EXERCISE REQUIREMENTS | Word for word, reproduce all entries below, leaving every picture out.

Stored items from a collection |

────

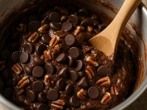 Gently fold the egg whites and vanilla into the dry ingredients; the batter will be quite thick. Then stir in the bittersweet chocolate chips and the toasted pecans until everything is nicely combined.
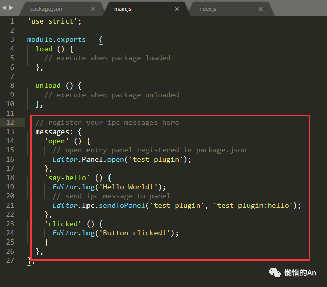 给插件生成了两个扩展菜单open和hello,分别执行了main.js里的两个ipc消息,可以认为是两个方法,打开main.js入口程序查看一下ipc消息的内容:
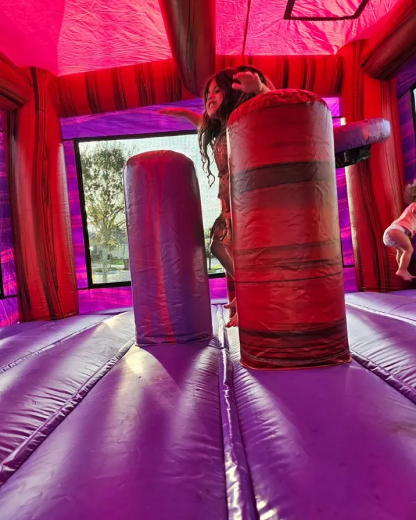 This vibrant and exciting bounce house is perfect for birthdays parties or any special occasion. With its eye-catching red and purple design it's sure to capture the attention of children and create lasting memories.
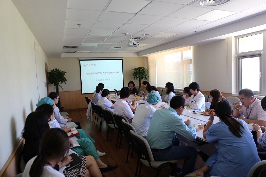 会上首先邀请朝阳医院纪委副书记兼纪检监察办主任严惠芬就基层纪检工作进行授课培训。严惠芬书记分享了自己从事纪检监察工作以来的经验和总结,她从当前反腐败的形势和任务开始,谈到纪检监察干部的工作要求归纳为六个字“忠诚、干净、担当”,她指出纪委应强化监督责任,要协助党委抓好廉政建设和反腐败工作,并详细介绍了朝阳医院在落实中央八项规定、反对“四风”、专项监督检查、信访举报工作等方面的工作经验。随后,纪委办再次通报了市卫生计生委关于切实加强北京市实施医改期间纪律工作的通知,要求严格落实“六个不准”,以严明的纪律保障医改政策措施不折不扣落实到位,并通报近期的纪委工作进展。
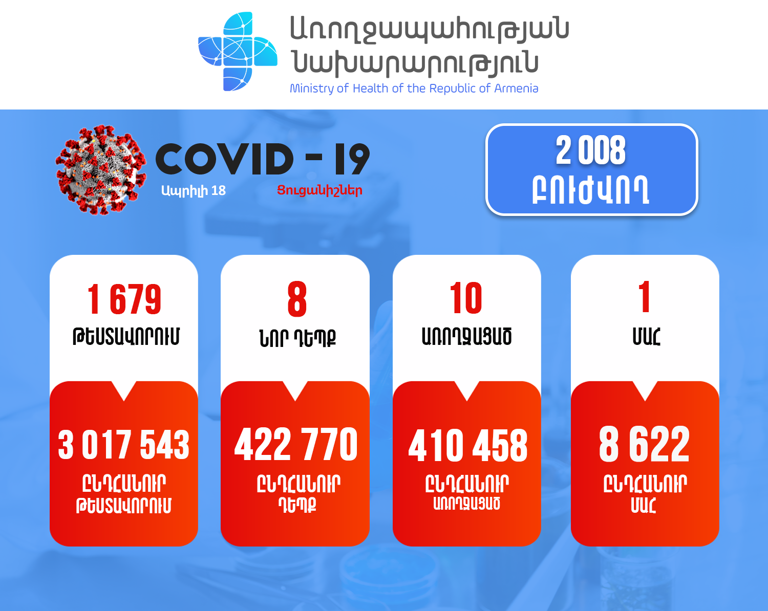 Այսպիսով, հաստատվել է կորոնավիրուսային հիվանդության ընդհանուր 422770 դեպք, որոնցից 410458 առողջացած: Փաստացի բուժում է ստանում 2008 պացիենտ:
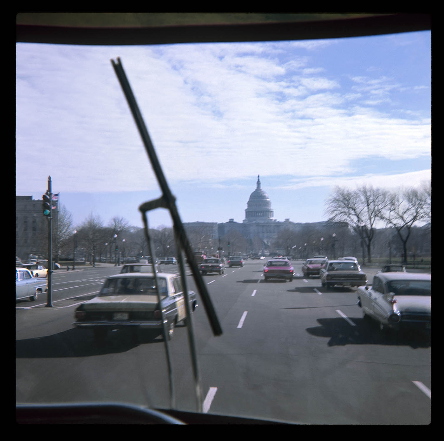 What a great image, shot out of the front of a bus driving towards the United States Capitol, love all the old cars!
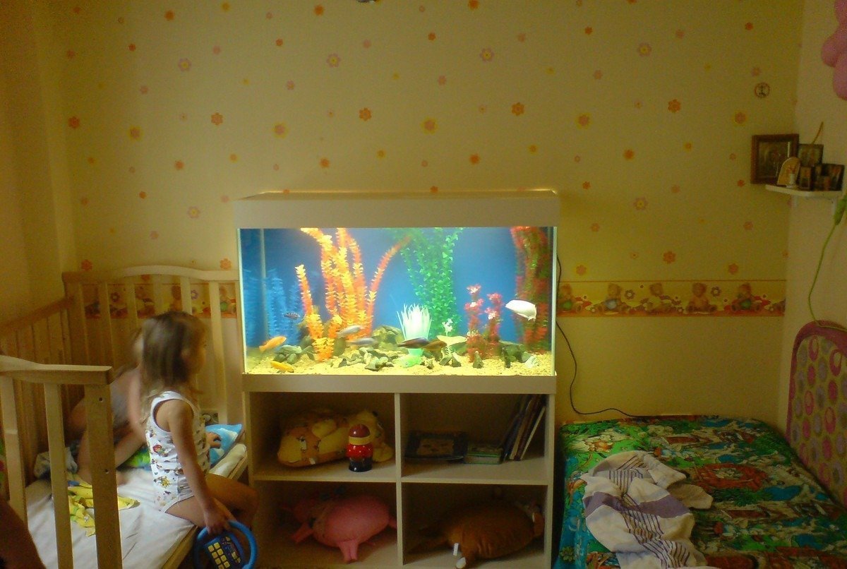 Antes de instalar la solución interior original, debe asegurarse de que el niño no sea alérgico a los alimentos para peces, que el recipiente en el que va a vivir sea seguro. Al planificar la disposición de la habitación, puede organizar un consejo familiar, donde el niño también participará. Para mayor claridad, los cambios interiores planificados se le pueden presentar en la foto.
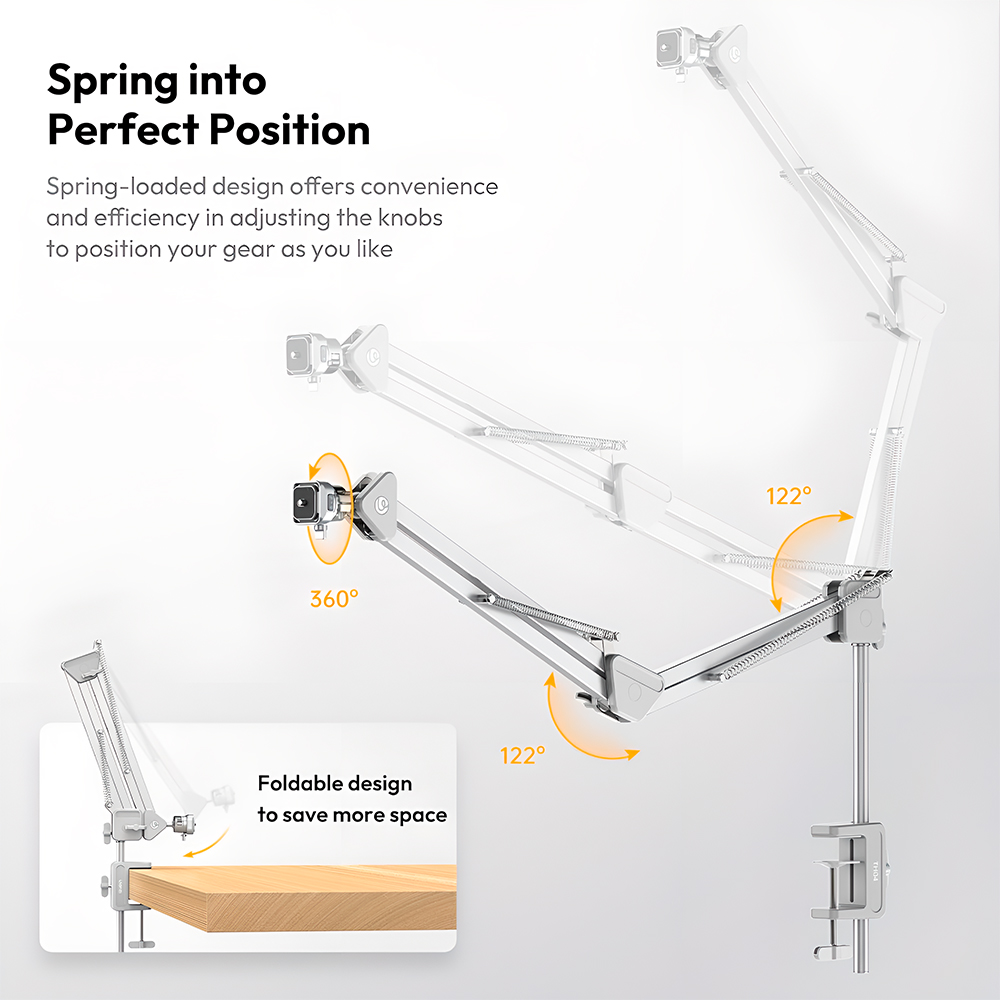4. Montagem Simples e Estável: Projetado para uma instalação descomplicada, este suporte de câmera é facilmente fixado em mesas ou bancadas de até 5cm de espessura através de um sistema de garra firme. Oferece uma base sólida e estável para sua câmera, eliminando tremores e garantindo gravações fluidas e profissionais.
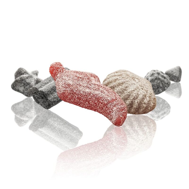 Konfektyrblandning med lakritssmak Ingredienser: socker, glukossirap, glukos-fruktossirap, stärkelse, VETEMJÖL, modifierad stärkelse, ammoniumklorid (=salmiak), lakritsextrakt, fuktighetsbevarande medel (sorbitoler, glycerol), färgämnen (E153, E150c, E160c), salt, aromer, stabiliseringsmedel (E471). Blandningsförhållandet kan variera.

────

OUTPUT FOR THIS EXERCISE |
 Gently fold the egg whites and vanilla into the dry ingredients; the batter will be quite thick. Then stir in the bittersweet chocolate chips and the toasted pecans until everything is nicely combined.
 给插件生成了两个扩展菜单open和hello,分别执行了main.js里的两个ipc消息,可以认为是两个方法,打开main.js入口程序查看一下ipc消息的内容:
 This vibrant and exciting bounce house is perfect for birthdays parties or any special occasion. With its eye-catching red and purple design it's sure to capture the attention of children and create lasting memories.
 会上首先邀请朝阳医院纪委副书记兼纪检监察办主任严惠芬就基层纪检工作进行授课培训。严惠芬书记分享了自己从事纪检监察工作以来的经验和总结,她从当前反腐败的形势和任务开始,谈到纪检监察干部的工作要求归纳为六个字“忠诚、干净、担当”,她指出纪委应强化监督责任,要协助党委抓好廉政建设和反腐败工作,并详细介绍了朝阳医院在落实中央八项规定、反对“四风”、专项监督检查、信访举报工作等方面的工作经验。随后,纪委办再次通报了市卫生计生委关于切实加强北京市实施医改期间纪律工作的通知,要求严格落实“六个不准”,以严明的纪律保障医改政策措施不折不扣落实到位,并通报近期的纪委工作进展。
 Այսպիսով, հաստատվել է կորոնավիրուսային հիվանդության ընդհանուր 422770 դեպք, որոնցից 410458 առողջացած: Փաստացի բուժում է ստանում 2008 պացիենտ:
 What a great image, shot out of the front of a bus driving towards the United States Capitol, love all the old cars!
 Antes de instalar la solución interior original, debe asegurarse de que el niño no sea alérgico a los alimentos para peces, que el recipiente en el que va a vivir sea seguro. Al planificar la disposición de la habitación, puede organizar un consejo familiar, donde el niño también participará. Para mayor claridad, los cambios interiores planificados se le pueden presentar en la foto.
4. Montagem Simples e Estável: Projetado para uma instalação descomplicada, este suporte de câmera é facilmente fixado em mesas ou bancadas de até 5cm de espessura através de um sistema de garra firme. Oferece uma base sólida e estável para sua câmera, eliminando tremores e garantindo gravações fluidas e profissionais.
 Konfektyrblandning med lakritssmak Ingredienser: socker, glukossirap, glukos-fruktossirap, stärkelse, VETEMJÖL, modifierad stärkelse, ammoniumklorid (=salmiak), lakritsextrakt, fuktighetsbevarande medel (sorbitoler, glycerol), färgämnen (E153, E150c, E160c), salt, aromer, stabiliseringsmedel (E471). Blandningsförhållandet kan variera.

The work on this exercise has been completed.